8. Difesa ed esercizio dei diritti

A. Dalla nascita di Roma alla metà del secolo III a.C.

1. Il processo, nozioni generali
  Perché un soggetto possa soddisfare gli interessi che l’ordinamento gli 
riconosce   è   necessaria   la   cooperazione   degli   altri   consociati.   È 
necessario cioè, che questi riconoscano la sua situazione di vantaggio, e 
che si comportino di conseguenza. La comunità politica, sin dal momento 
della   sua   nascita,   si   assume   il   compito   di   accertare   l’effettiva 
titolarità dei diritti e la possibilità che essi vengano esercitati dal 
loro titolare. L’insieme dei mezzi organizzati a questo scopo viene detto 
processo; se lo scopo del processo è quello di superare l’incertezza sulla 
esistenza o la titolarità di un diritto esso viene definito processo di 
cognizione;   se   l’obiettivo   è   quello   di   superare   la   resistenza   opposta 
all’attuazione di un diritto il processo è detto di esecuzione.

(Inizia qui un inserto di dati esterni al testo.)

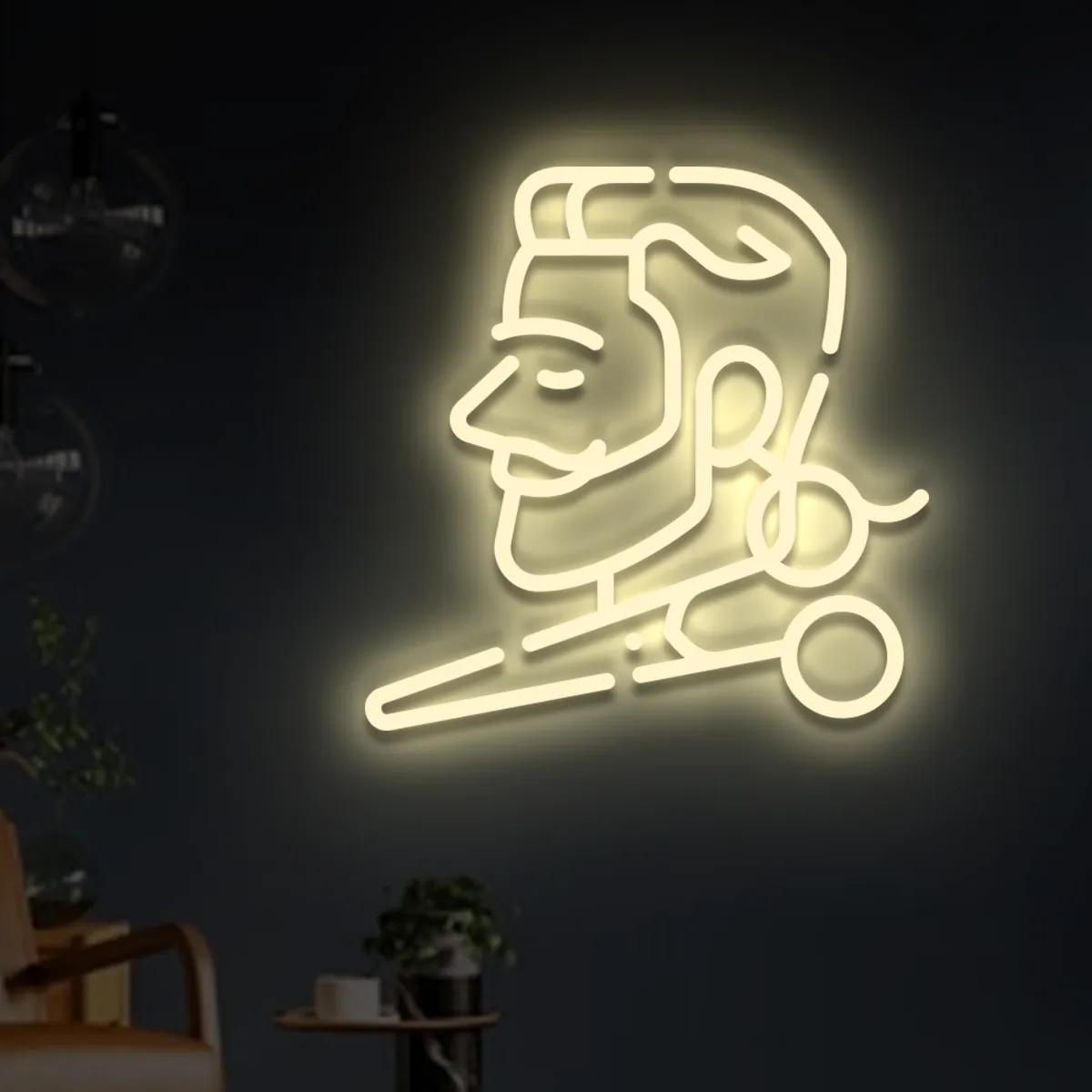 W witrynie ten neon podkreśla charakter miejsca: surowy loft, oldschoolowa klasyka albo minimalistyczny nowoczesny styl — neon wpisuje się w każdy z tych scenariuszy. W środku można umieścić go nad fotelami, przy lustrach albo w strefie oczekiwania, aby klienci mieli gotowe tło do zdjęć „przed/po”. W ten sposób neon barbershopu pracuje na Twoją markę: ludzie sami tworzą treści, oznaczają lokalizację, a Ty częściej pojawiasz się w mediach społecznościowych.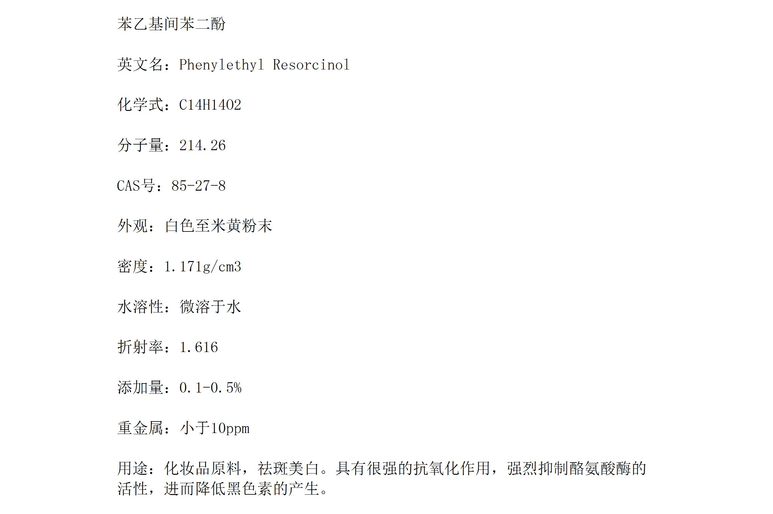 苯乙基间苯二酚 白色至米黄粉末 祛斑美白化妆品原料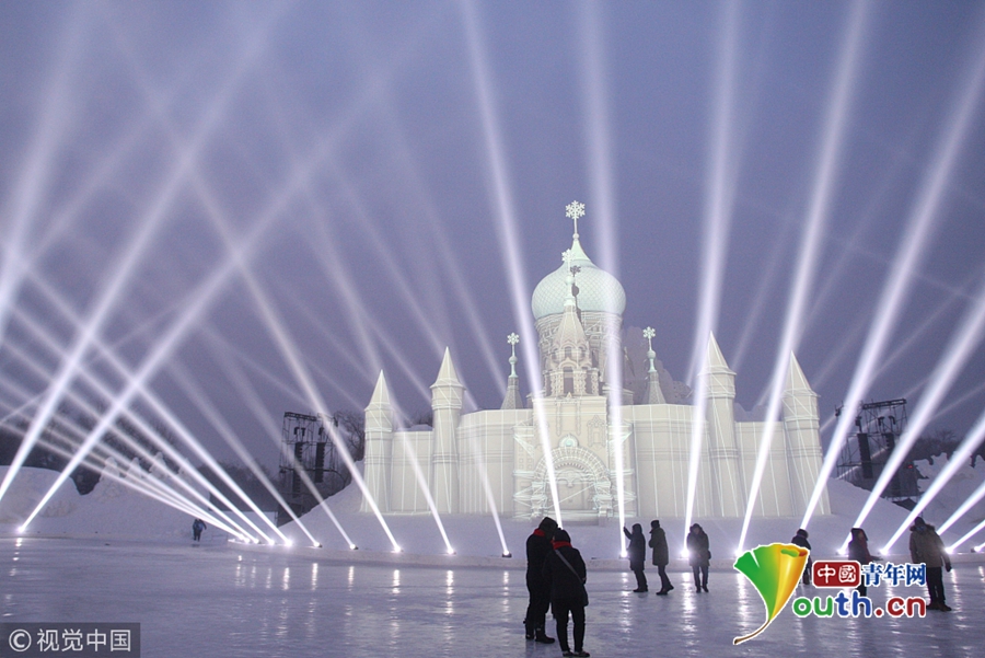 2018年1月1日晚,哈尔滨市太阳岛雪博会上的300米主塑前上演了3D幻影雪景灯光秀。五彩的灯光照射下,雪雕群构成了一个童话里的世界,吸引了许多游客前来观看。

2. Processo privato e processo pubblico
Nel diritto romano, il tipo di processo privato volto a regolare interessi 
privati,   l’iniziativa   spettava   ai   titolari   degli   interessi;   colui   che 
prendeva questa iniziativa veniva chiamato  actor  (attore), colui nei cui 
confronti   essa   veniva   presa   era   chiamato  reus  (convenuto).   In 
contrapposizione   al   processo   privato,   il   processo   rivolto   a   difendere 
interessi di tutta la collettività veniva chiamato pubblico e a esso si 
faceva   ricorso   di   fronte   a   comportamenti,   detti  crimina,   che 
rappresentavano   un   pericolo   per   la   sopravvivenza   stessa   della   vita 
associata.   Lo   scopo   del   processo   pubblico   era   quello   di   infliggere   una 
poena   a   chi   aveva   violato   una   norma   giuridica   il   cui   rispetto   era 
considerato   necessario   per   il   bene   comune;   in   origine   la   pena   era   la 
morte.   L’impulso   alla   celebrazione   di   un   processo   pubblico   doveva 
provenire da un organo dello Stato. Nel nostro diritto odierno il processo 
privato corrisponde all’incirca al processo civile, e quello pubblico al 
processo penale; i romani ritenevano che alcuni illeciti penali (delicta, 
delitti),  in   quanto   lesivi   di   interessi   esclusivamente   privati,   fossero 
perseguibili a iniziativa di parte nelle forme del processo privato, la 
cui pena consisteva sempre in una somma di danaro per l’attore.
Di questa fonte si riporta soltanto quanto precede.